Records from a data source
****************

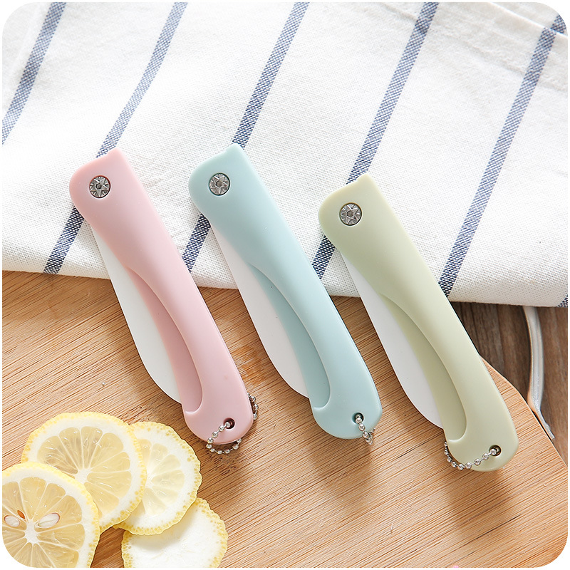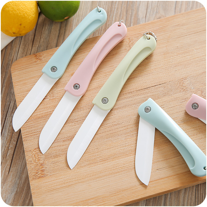 / 便攜可折疊陶瓷家用水果小刀居家廚房刀具日用旅游弧形刀面帶掛繩
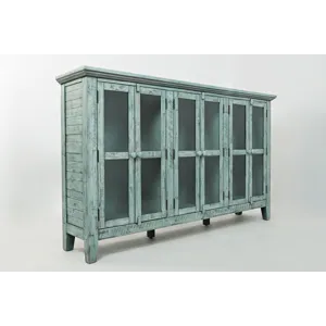 The Telluride Collection is the essence of rustic country style with distressed solid pine handcrafted into spectacular furniture perfect for any room in your home. Each piece is unique with subtle distressing that brings out the beauty of the natural wood. This fully assembled four drawer sideboard accent chest is a great addition to any room in your home combining style and countryside charm in a distinctive package. Four full size drawers with solid metal handles provide generous storage up top, while the bottom features four sleek black grill X-Style doors with an additional large shelf to round out the look. Great in virtually any room in your home, this 70" accent cabinet makes a bold statement of sophisticated style while creating a welcoming atmosphere.
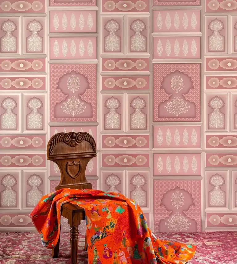 Intricate architectural patterns and soft pink tones give this wallpaper a rich cultural charm, turning plain walls into a design feature. The detailed layout adds depth while keeping the overall look elegant and balanced. This Pink Wallpaper Dubai is supplied in a 50.8 cm × 9.14 m roll covering 50 sq ft, allowing smooth installation, easy maintenance, and a refined finish for living rooms, bedrooms, and accent walls.
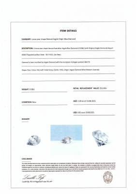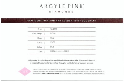 A loose pear shape Natural Argyle Blue Diamond of 0.08ct (with Argyle Pink Diamonds Report #384779 graded as Blue Violet - BL2 VVS1). With Valuation Certificate dated 19/08/25. (As New)
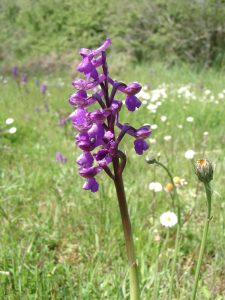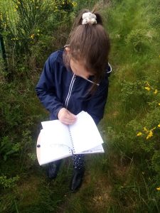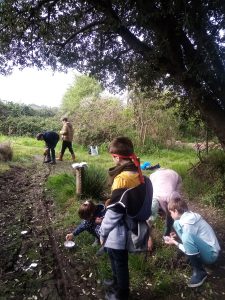 Nous continuons en empruntant un chemin creux bordé de superbes chênes, quelques traces y sont visibles dans la boue et un peu plus loin, le groupe s’arrête, de belles empreintes de chevreuils et de sangliers sont là, nous sortons alors le plâtre rapide et très vite les enfants s’activent pour faire un prélèvement de celles-ci … sourires ! En attendant que le plâtre sèche, le groupe continue, le lin cultivé est bien en fleur, les orchidées aussi Anacamptis morio comme la Jacinthe des bois Hyacinthoides non-scripta et nous découvrons la saveur de noix de coco des fleurs de l’Ajoncs d’Europe Ulex europeus … hum, trop bon !
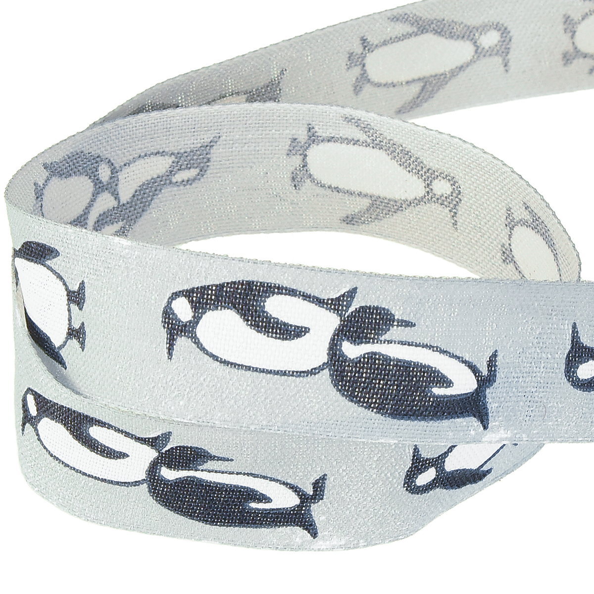 Produktname: Geschenkband Pinguine Weihnachtsband Stoff 25mm 15m

****************

WORK TO COMPLETE:
Copy out all the records exactly as they read, and omit the pictures.

SOLUTION FOR THIS EXERCISE:
 / 便攜可折疊陶瓷家用水果小刀居家廚房刀具日用旅游弧形刀面帶掛繩
 The Telluride Collection is the essence of rustic country style with distressed solid pine handcrafted into spectacular furniture perfect for any room in your home. Each piece is unique with subtle distressing that brings out the beauty of the natural wood. This fully assembled four drawer sideboard accent chest is a great addition to any room in your home combining style and countryside charm in a distinctive package. Four full size drawers with solid metal handles provide generous storage up top, while the bottom features four sleek black grill X-Style doors with an additional large shelf to round out the look. Great in virtually any room in your home, this 70" accent cabinet makes a bold statement of sophisticated style while creating a welcoming atmosphere.
 Intricate architectural patterns and soft pink tones give this wallpaper a rich cultural charm, turning plain walls into a design feature. The detailed layout adds depth while keeping the overall look elegant and balanced. This Pink Wallpaper Dubai is supplied in a 50.8 cm × 9.14 m roll covering 50 sq ft, allowing smooth installation, easy maintenance, and a refined finish for living rooms, bedrooms, and accent walls.
 A loose pear shape Natural Argyle Blue Diamond of 0.08ct (with Argyle Pink Diamonds Report #384779 graded as Blue Violet - BL2 VVS1). With Valuation Certificate dated 19/08/25. (As New)
 Nous continuons en empruntant un chemin creux bordé de superbes chênes, quelques traces y sont visibles dans la boue et un peu plus loin, le groupe s’arrête, de belles empreintes de chevreuils et de sangliers sont là, nous sortons alors le plâtre rapide et très vite les enfants s’activent pour faire un prélèvement de celles-ci … sourires ! En attendant que le plâtre sèche, le groupe continue, le lin cultivé est bien en fleur, les orchidées aussi Anacamptis morio comme la Jacinthe des bois Hyacinthoides non-scripta et nous découvrons la saveur de noix de coco des fleurs de l’Ajoncs d’Europe Ulex europeus … hum, trop bon !
 Produktname: Geschenkband Pinguine Weihnachtsband Stoff 25mm 15m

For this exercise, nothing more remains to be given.